For this reason, CSP projects are starting to gather momentum.

A 50MW CSP plant in the Xingiang region of China.(Getty Images: Cai Zengle)

The Australian Renewable Energy Agency (ARENA) recently approved $65 million in funding for a Sydney-based company, Vast Solar, to build the country's first commercial-scale CSP plant in Port Augusta, South Australia.

So how does CSP work?

And what role will CSP play in a net-zero Australia?

A technology that once rivalled solar panels

The idea of CSP is so simple that the technology hasn't changed much in decades.

Italy built the first CSP plant in 1968, and California installed the first commercial-scale array in 1981.

At the time, solar panels were expensive and mostly used in consumer electronics, whereas CSP relied on familiar technologies, such as steam turbines.

One of the three towers of the 386MW Ivanpah CSP plant in the Mojave Desert, California.(Getty Images: Bing Guan)

CSP plants also looked impressive: The popular "power tower" design featured a circular field of thousands of mirrors, focusing their light on the crown of a central tower, which in some cases soared taller than 200 metres.

But then, more efficient panels and larger factories drove down the price of photovoltaics (PV), while CSP plants ran into problems with leaking fluids and dirty mirrors.

In 2019, South Australia scrapped a $650 million project to build Australia's first commercial-scale CSP after the company behind the project revealed it could not raise funding.

"It's been a bit of a tale of woe in Australia," said Keith Lovegrove, director of the Australian Solar Thermal Energy Association.

"We've actually managed to snatch defeat from the jaws of victory a couple of times."

As of 2021, the global installed capacity of CSP was 6.8 gigawatts, which was many hundreds of times less than the figure for photovoltaics.

But CSP is not dead. Spain, Morocco, South Africa, Israel and other countries are using CSP in their grids, while China has dozens of projects underway.

"China is the most active place at this at this very moment," Dr Lovegrove said.

CSP cannot generate daytime electricity as cheaply as solar PV, but it has one advantage: built-in storage.

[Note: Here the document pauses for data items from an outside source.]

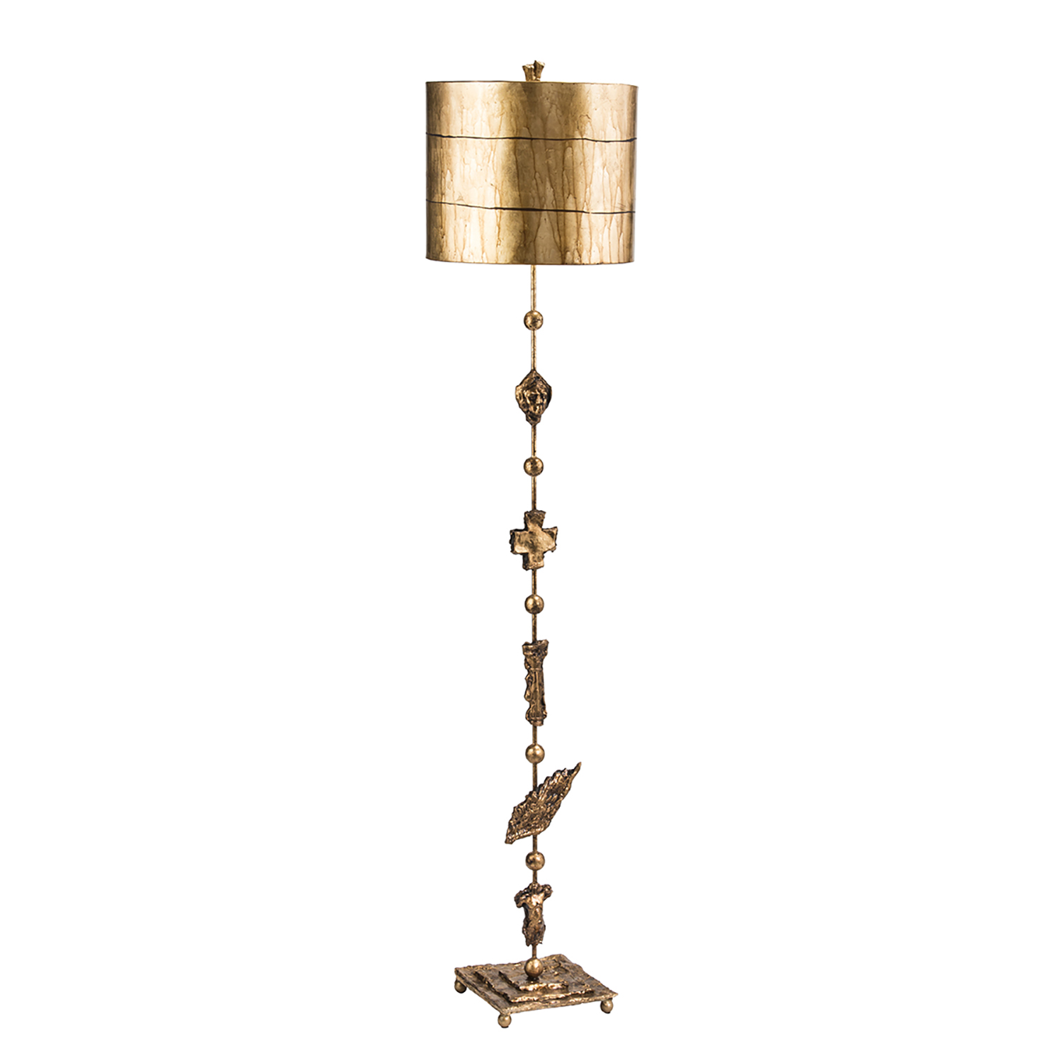 Lampada da terra a 1 luce - Oro. La famiglia Fragment porta un tocco di antico nello stile moderno. Il designer Paul Gruer, influenzato dal mercato francese di New Orleans, ha raccolto tesori unici e li ha combinati con semplici paralumi a tamburo. Ogni prodotto è dipinto a mano con foglia d'oro o d'argento e smaltato per mostrare il suo fascino artistico.
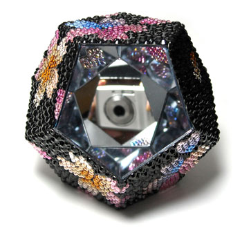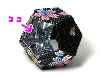 この作品は十二面体で、その十二面の一面だけ開いています。
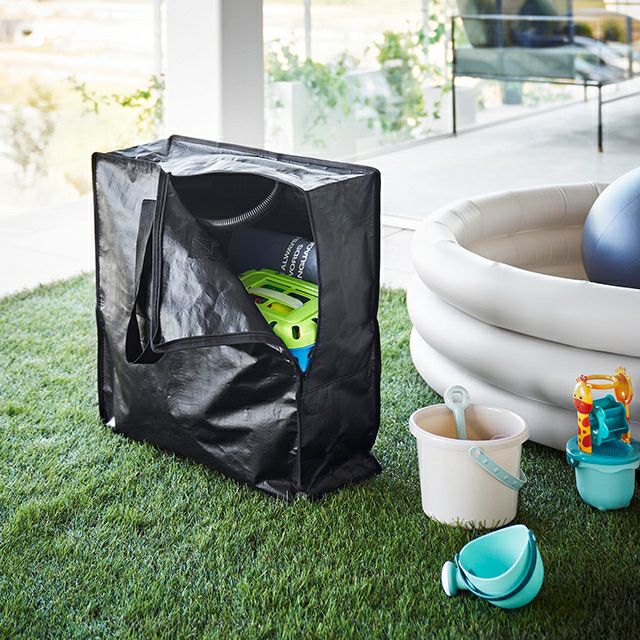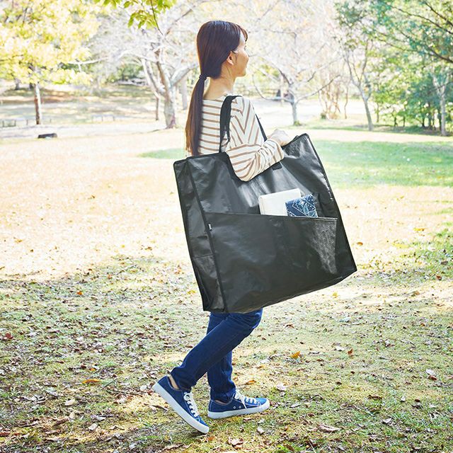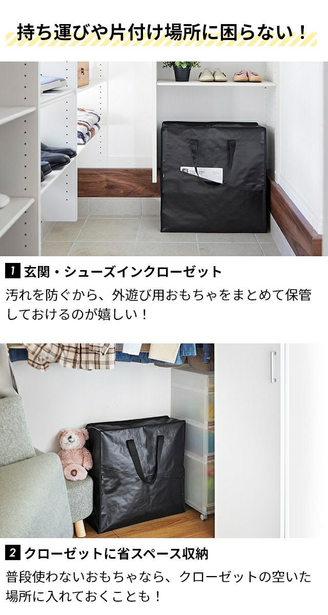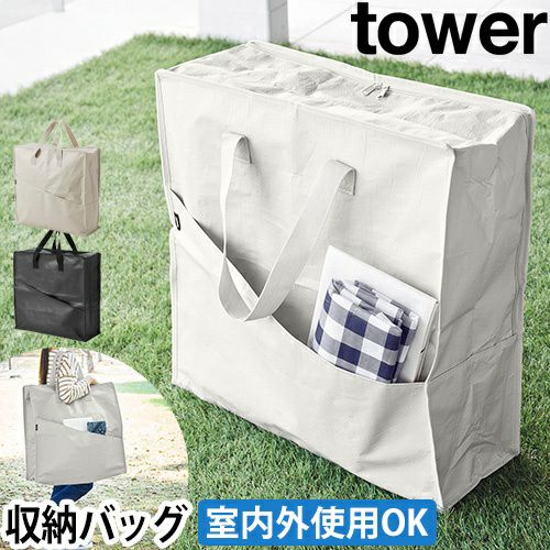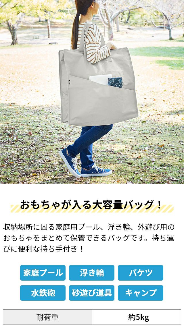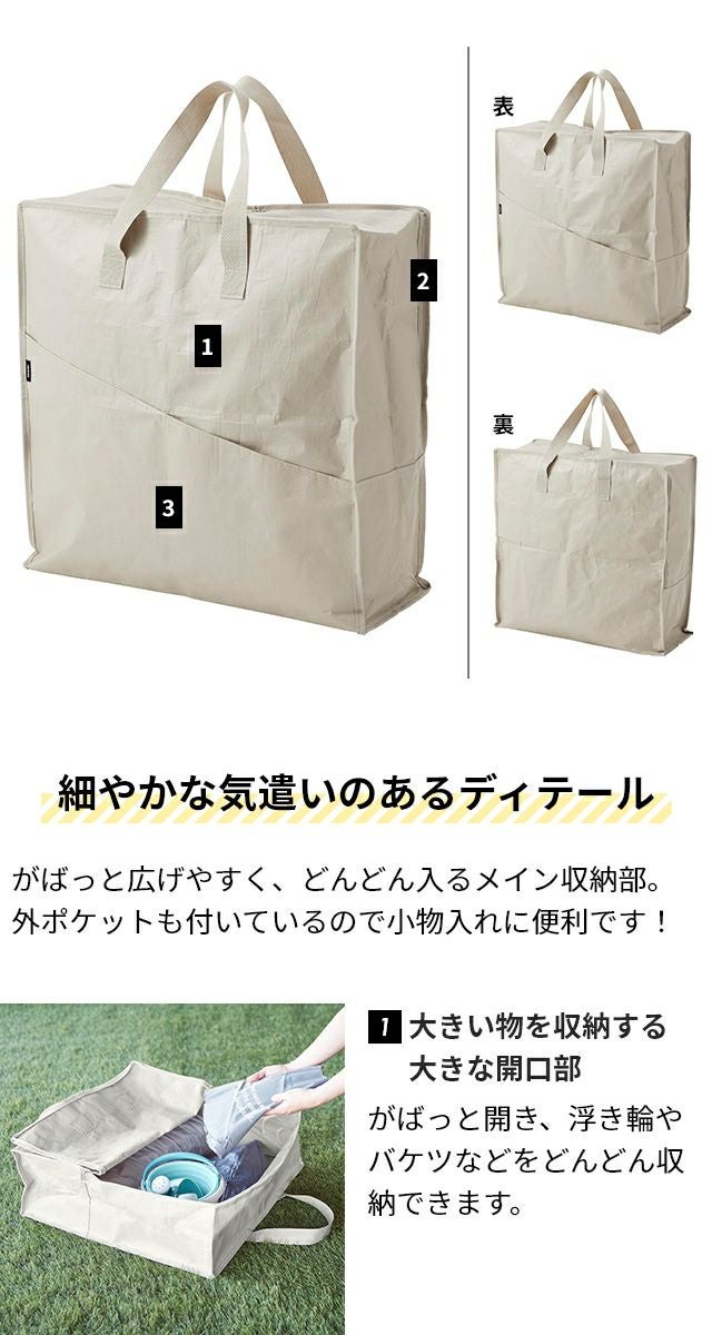 キャンプ、プール、外遊び用のおもちゃを収納できる大きめ収納バッグ。軽量で持ち運びやすく、水を弾き泥汚れを落としやすいポリエチレンシート生地を使用。 山崎実業 ポリエチレンシートポケット付きおもちゃ収納バッグ タワー 1814 1815 大きいバッグ プールバッグ 収納ケース 入れ物 道具入れ ソフトバッグ 収納袋 ストレージバッグ 持ち運び tower おもちゃ収納 yamazaki タワーシリーズ

The heat from the Sun is stored in a medium such as molten salt. When the Sun goes down, this stored heat can be tapped to drive the turbine and generate electricity.

This combination of generation and storage makes CSP "dispatchable", meaning the power can be sent to the grid when it's needed.

"The whole point about CSP is that it's dispatchable renewable generation," Dr Lovegrove said.

"It's generation you can have when you need it at night, or peak periods. It comes at a higher price because it's got this added value and complexity."

What is CSP's role in the grid?

Last week, the CSIRO's Renewable Energy Storage Roadmap report indicated the National Electricity Market (which is all of Australia except NT and WA) could require a 10- to 14-fold increase in its electricity storage capacity between 2025 and 2050.

As you can see from the graph above, most generation will be solar PV and wind by the end of this decade.

The pink bars at the bottom show dispatchable storage, which is mostly pumped hydro and large-scale lithium-ion batteries.

CSP will be competing for this dispatchable storage market.

The graph above shows the "levelised cost of storage" (the cost per megawatt-hour, factoring in everything from the cost of charging, to installation and maintenance) for up to eight hours.

According to the CSIRO's forecasts, by 2050 CSP will be the cheapest form of this medium-duration storage.

For household energy consumers, this overnight cost of storage will directly affect how much they pay for power at night.

And if you're planning on buying an EV, you'll probably use more energy at night, as this is when most people charge their car (and most don't have a household battery).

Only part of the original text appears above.